Here is a data emulation you can play with the above methods and compare with real data
| makeresults
| eval _raw = "[{\"columns\":[{\"text\":\"id\",\"type\":\"string\"},{\"text\":\"event\",\"type\":\"number\"},{\"text\":\"delays\",\"type\":\"number\"},{\"text\":\"drops\",\"type\":\"number\"}],\"rows\":[[\"BM0077\",35602782,3043.01,0],[\"BM1604\",2920978,4959.1,2],[\"BM1612\",2141607,5623.3,6],[\"BM2870\",41825122,2545.34,7],[\"BM1834\",74963092,2409.0,8],[\"BM0267\",86497692,1804.55,44],[\"BM059\",1630092,5684.5,0]],\"type\":\"table\"}]"
``` data emulation above ```
A final note: spath has some difficulty handling array of arrays, so I used fromjson (available since 9.0) in one filter.
Thanks a lot yuanli,
That worked , you are a genuis.
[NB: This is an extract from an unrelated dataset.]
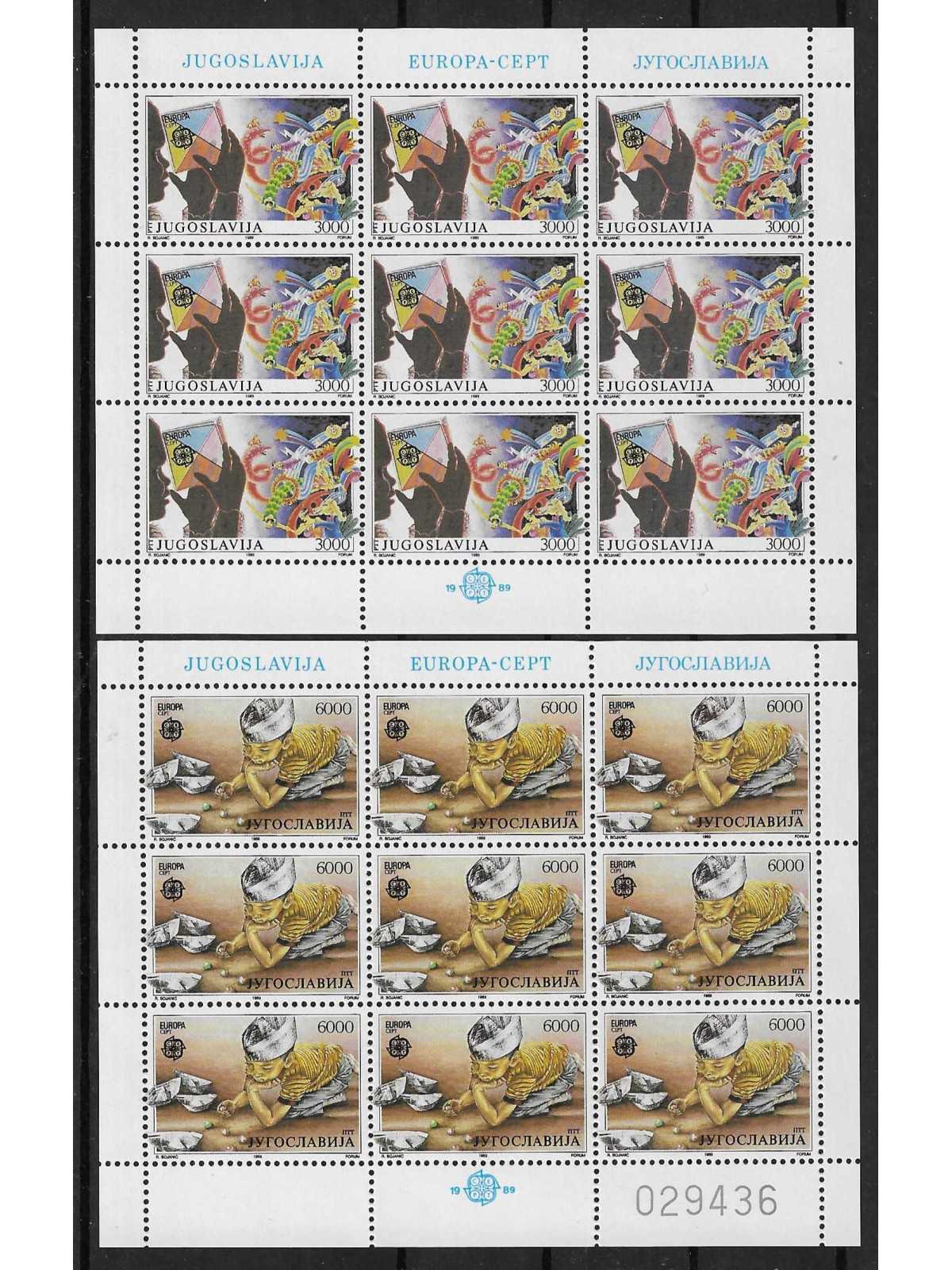1989 - JUGOSLAVIA - EUROPA CEPT - GIOCHI INFANTILI - 2 MINIFOGLI MNH MF113617

I thought I could never structure it in splunk.
I did speak to the dev team , apparently the json is structured in that way to feed a particular dashboard system that they use. So it has to be in that structure for that system to consume. However they have agreed to update the structure in the next release which could be a few months away (6 months atleast) . So in the mean time I could work with this bad json until then.
Thanks a lot again. I had searched in splunk for something like this before and havent seen anything.